A Google logo at a data center exhibition
The hardest hit are those publishers that depended on big tech companies to siphon audiences to their websites © Alex Kraus/Bloomberg

Election years are typically boom times for the industrial complex of cable channels, newspapers and local TV broadcasters that make up the US news media.

Yet with only five months to go to the vote for the White House, the industry is far from thriving. Instead, all around the US news business, red signals are flashing.

An array of outlets have suffered shrinking audiences while large players including NBC News, the Los Angeles Times and The Wall Street Journal have cut jobs. Even rightwing media that might have expected to see an election-related boost have suffered from falling reader traffic.

Without a “Trump bump” or once in a generation pandemic to inflate audiences, the US media has been left to confront the structural challenges that have battered it for decades, while staring down the latest potential threat: artificial intelligence. 

The hardest hit are those publishers that depended on big tech companies to siphon audiences to their websites. Google has been making changes to its search engine algorithm that has hit web traffic for some publishers. Meta, meanwhile, has in effect exited the news business, having last year de-prioritised news in its feeds. Outlets that were wholly reliant on attracting big traffic numbers, such as BuzzFeed News, have been wiped out entirely.

Last month, Google introduced AI-generated answers to queries in its search results. The transition has not been smooth, with the site coming under fire for erroneous and absurd responses, such as advising users to glue cheese to pizza. 

But the change is already having an impact on news outlets that have relied on their stories being prioritised in Google’s search results. In an internal memo last week, Business Insider chief executive Barbara Peng told staff that traffic from Google had been “especially volatile” over the previous month. “The path ahead will be difficult,” she warned. BI’s website drew 105mn visitors in May, which was down 9 per cent from the prior month, according to Similarweb data. 

In comparison, in 2020, when the Covid-19 pandemic and the first Biden-Trump showdown kept Americans glued to the news, BI’s site was consistently drawing around 150mn monthly visitors, according to Similarweb. 

Other large news outlets have suffered similar falls from their 2020 highs. CNN.com brought in 564mn visitors in May, down 30 per cent from the same period in 2020. The drop-off was even steeper for The Washington Post, which drew 132mn visitors to its site in May, a 46 per cent decline from four years ago — a fact recently cited by chief executive Will Lewis, who rattled staff by telling them: “people aren’t reading your stuff”

Artificial intelligence has, in the very short term, become an unexpected financial boost to those publishers who have struck deals with OpenAI in recent months. Rupert Murdoch’s News Corp last month agreed a deal that gave OpenAI access to its news archives in exchange for $250mn. The Financial Times, the Atlantic and Axel Springer have also made deals with OpenAI in recent months. 

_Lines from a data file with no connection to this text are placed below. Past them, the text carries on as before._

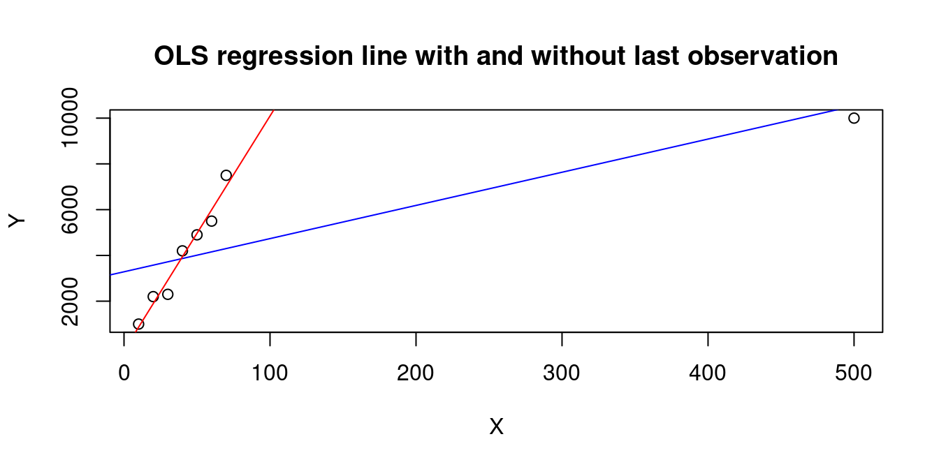 plot(X,Y, main="OLS with k=n=2")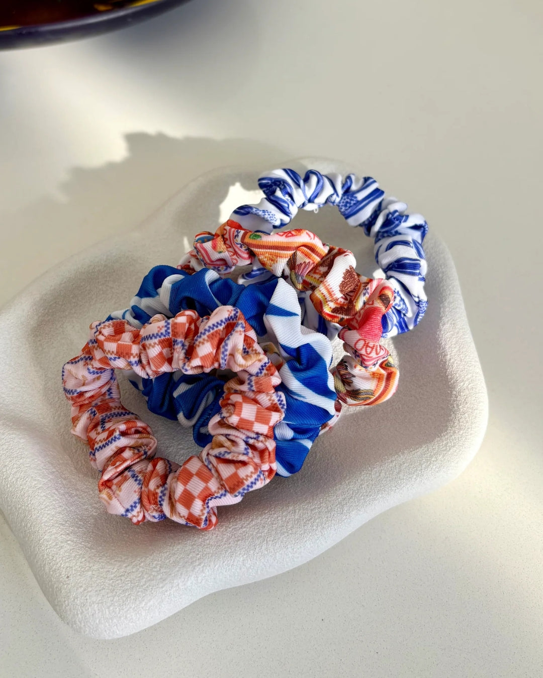 Louvelle Blue/Orange Scrunchie Set. Add a pop of colour to your hair tie game! Made from louvelles stretchy swim fabric, these soft and quick dry scrunchies will hold your pony or bun securely and are gentle on your previous strands, avoiding breakage to your hair.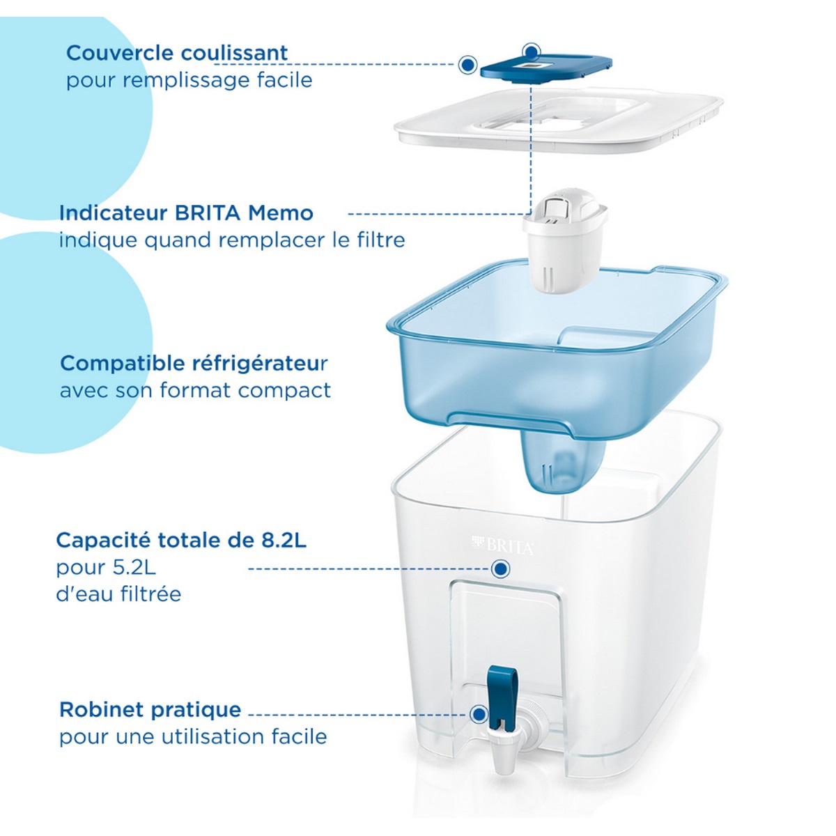 | Libellé | Fontaine à eau filtrée 8.2l bleue flow maxtra pro all-in-1 - 1051126 - brita |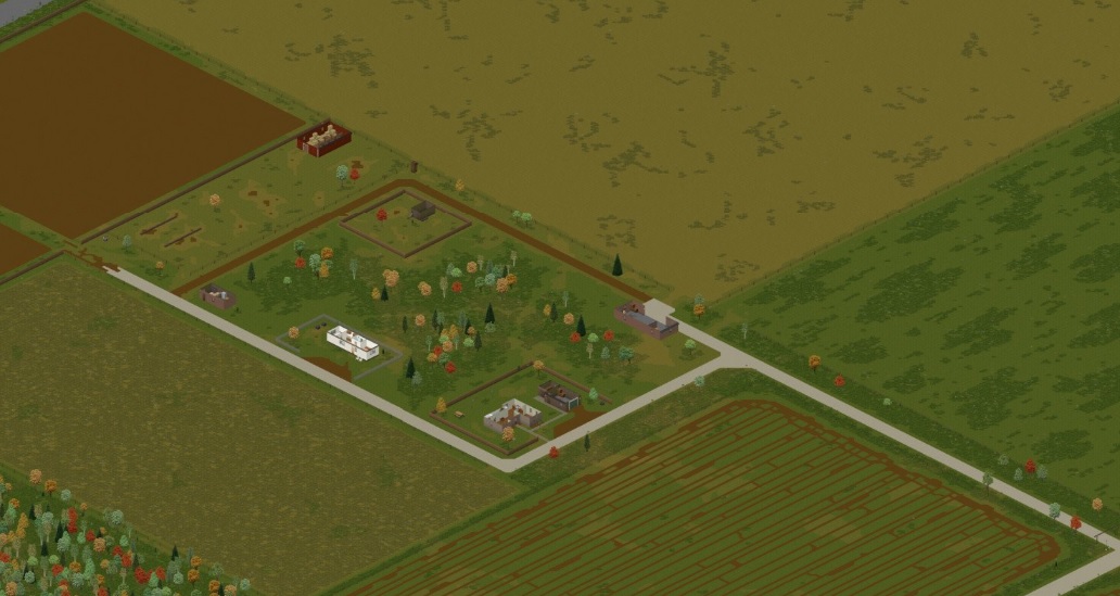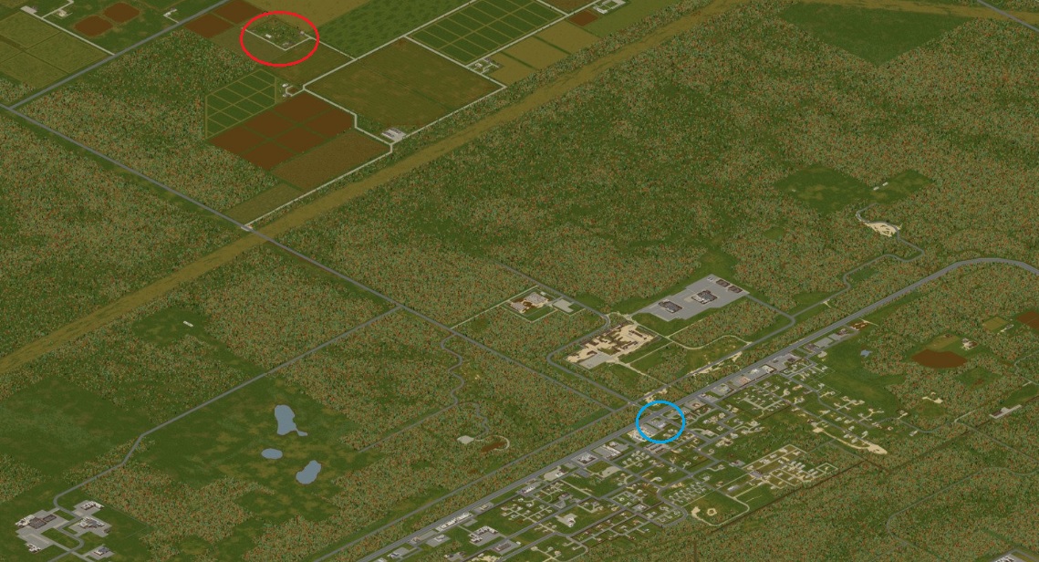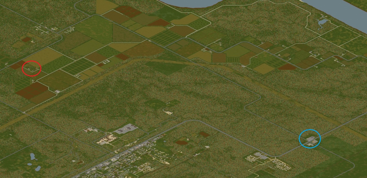 빨간원이 농가, 파란원이 주유소다. 거리가 꽤 멀긴 하지만 차를 타고 가는 길엔 좀비가 없어서 안전하게 갈 수 있다는 장점이 있다. 특히나 도시쪽 주유소의 좀비가 너무 많아 처치하기 곤란하다 싶을때는 오히려 저기가 더 나을지도 모른다. 외딴 곳에 떨어져 있다보니 도심에 비해서는 좀비도 좀 적은 편이다. 북쪽 도로를 따라 가야 하고 거리가 상당하기에 차가 필수다.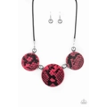 A wild collection of oversized silver beads and black and pink python patterned leather pieces are strung along an invisible wire below the collar for statement-making finish. Features an adjustable clasp closure.

But there remains a great deal of uncertainty as to whether AI will ultimately harm news publishers by cannibalising audiences, and if so, how deep the damage will be. “No one has a clue”, said a senior executive at one of the publishers who has made a recent deal with OpenAI. 

Some executives in the business expect that in the next year or two, a proper payment structure for news copyrights and AI will be established. This framework could be achieved through legislation, lawsuits or negotiations. Notably, the New York Times is currently suing OpenAI and Microsoft

As it battles OpenAI, The New York Times remains a very large exception to the broader pain felt in the industry. The paper, which is publicly traded but is controlled by the Sulzberger family, has gone from strength to strength as it expands into a modern media company with cooking, games and other offerings. The NYT’s stock is up by more than 35 per cent over the past year. 

But for most other media groups, the competition is brutal. Local news in the US has long been in crisis, with a steady flow of papers closing. And if real competition was not hard enough, political operatives are inventing fake rivals for attention. This week, the NewsGuard announced a fresh milestone: the US has more “pink slime” websites — which masquerade as local news outlets but are actually funded by political groups — than real local daily papers.